Having previously explored the river, Lane returns to journey the entire length of it, describing its natural beauty and danger as well as pausing to view it through the prism of Dickey’s book. . . . Lane artfully applies his poetic sensibility to the river itself. . . . Lane’s own writing and observations are good enough to stand outside of Dickey’s considerable shadow.

Publishers Weekly

Lane’s book is a personal narrative that skillfully navigates the contemporary cultural and ecological history of its subject. . . . A writer who would obviously rather paddle first and theorize later, Lane prefers to let the river speak for itself.

Atlanta Journal-Constitution

His narrative provides a kayaker’s soggy-seated perspective, describing the river’s sucking hydraulics and breath-stealing drops. . . . Lane writes with muscle and insight.

Charlotte Observer

In this readable meditation, Lane convincingly demonstrates that Dickey’s disturbing and powerful vision exists only ‘on the shelf and on the screen.’ The reality is much more complex.
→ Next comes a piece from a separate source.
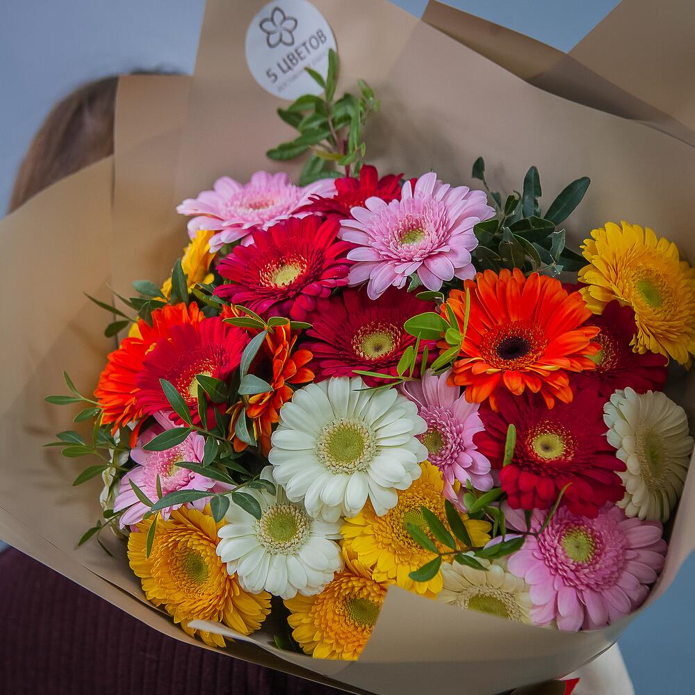 Гербера желтая – 5 шт.Гербера красная – 5 шт.Гербера розовая – 5 шт.Гербера белая – 5 шт.Гербера кремовая – 3 шт.фиолетовая – 2 шт.
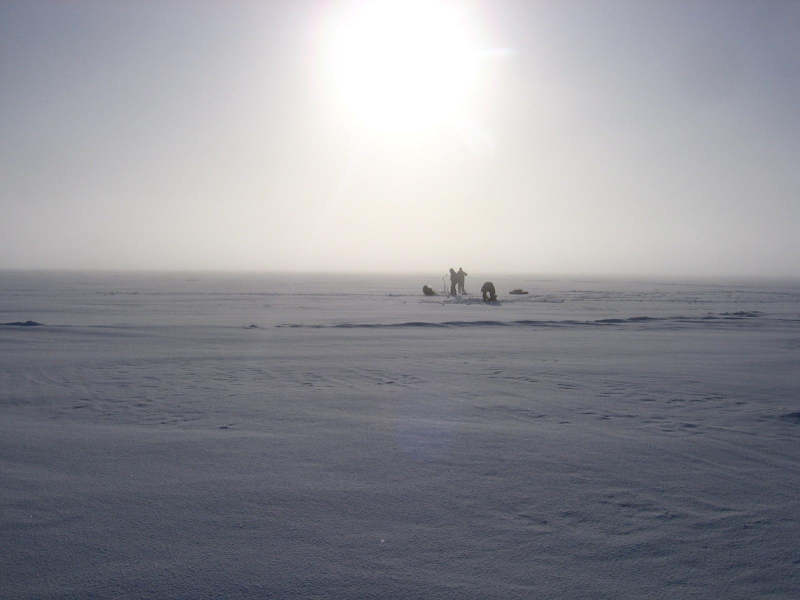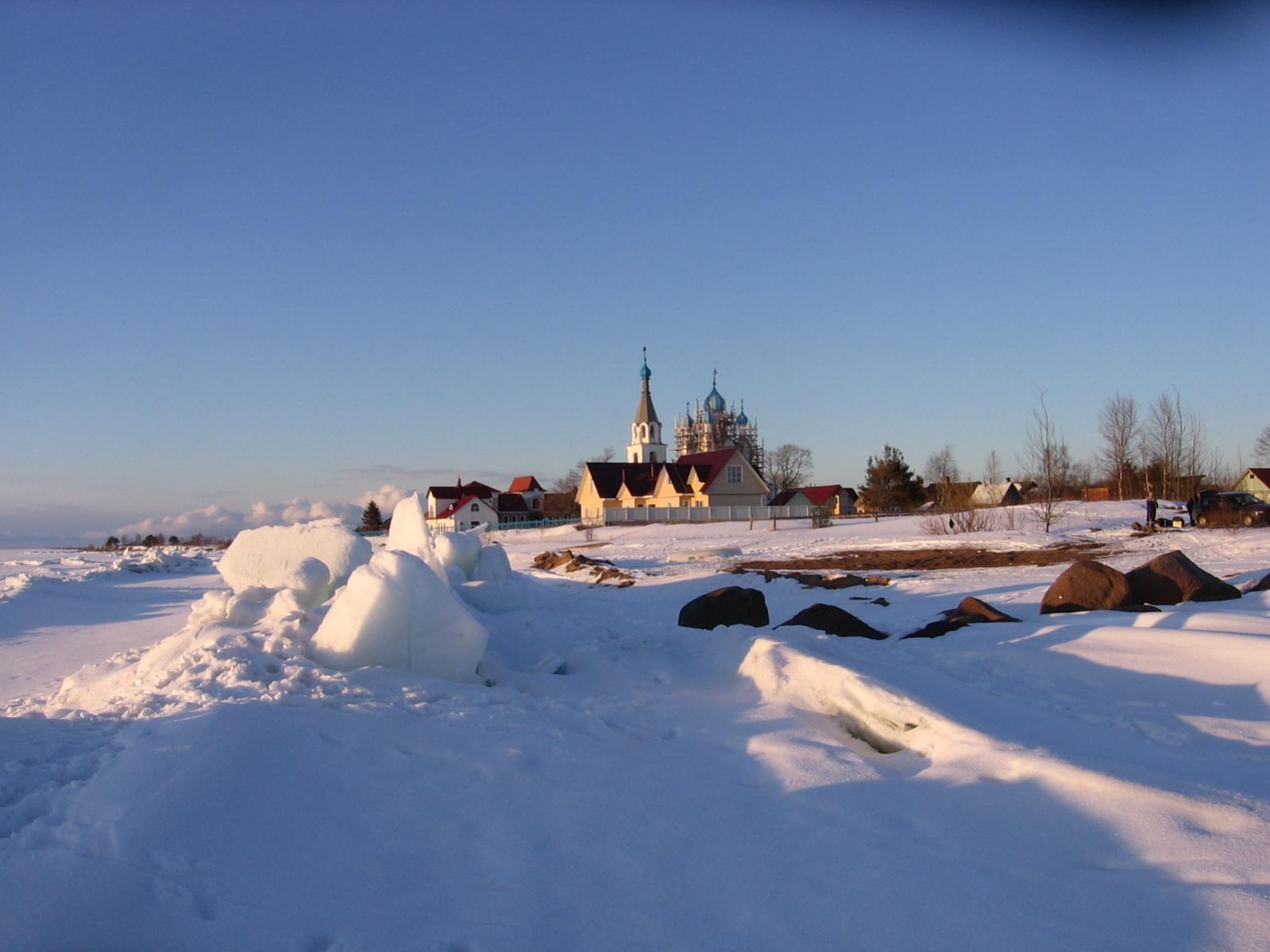 Не заметили, как завечерело. Позвонили «извозчикам». Они пьяные в дупель… Что ж, пройдемся пешочком. Церковь то – вот она, рукой подать. Снег довольно твердый, а если идти по следу от «бурана», то и вовсе как по асфальту. Зацепили санки, отягощенные 7-10 кг рыбки у каждого, поплелись до дому. Топ-топ…топ-топ… двадцать минут идем, а церковь все на том же расстоянии… Растерянный взгляд назад – а мы вообще прошли хоть сколько?Топ-топ… Не, не привычно топать 2.6 км по льду… Прогулка не то, что бы напрягла, но утомила. Поэтому твердо решили следующий день поменять немного денег на комфорт и проехать и туда и обратно.

—John Sledge, Mobile Register

Lane hikes alongside the Chattooga and kayaks down its waters. He explores the literature of the river and fishing and weaves in the history of the area. . . . Like all good nature writers, Lane adds his personal history to the natural history and human cultural history of the river.

Rapid River

At places, Lane’s descriptions cause you to pause and take it all in, to eddy out in the reading and savor the flow of memories you have of rivers. If you’ve ever spent time in a boat without a motor, you’ll enjoy reading the coincidence of feelings and shared conversations you’ve had on the water.

Columbus Ledger

While the book skims the surface of Dickey’s and Boorman’s brutal world, Lane is at his strongest when writing about his own observations of the river and the people who live along its banks. . . . Despite using Deliverance’s cultural hook, readers will discover—through Lane’s vivid descriptions, smooth prose and obvious passion for the environment and the Chattooga—that the author has charted a course all his own, one where the wild and scenic river is one of the strongest characters.

Creative Loafing, Charlotte, NC

Throughout this book we meet not only the Chattooga, but we meet as well a man who can write with the force and power of the currents he describes. Lane not only has the descriptive talents to give us the river and the geography of the river, but he also gives us wonderful, short, and accurate descriptions of those whom he meets. Lane has the eye and the knowledge of craft to bring to life a scene in just a sentence or two, to capture a personality in just a few words.

Smoky Mountain News

About the Author/Editor

JOHN LANE is professor emeritus of environmental studies at Wofford College. A 2014 inductee into the South Carolina Academy of Authors, his books include Circling Home, My Paddle to the Sea, and Coyote Settles the South (all Georgia). He is also coeditor of The Woods Stretched for Miles: New Nature Writing from the South (also Georgia), and he has published numerous volumes of poetry, essays, and novels. Coming into Animal Presence is his most recent work. He lives in Spartanburg, South Carolina.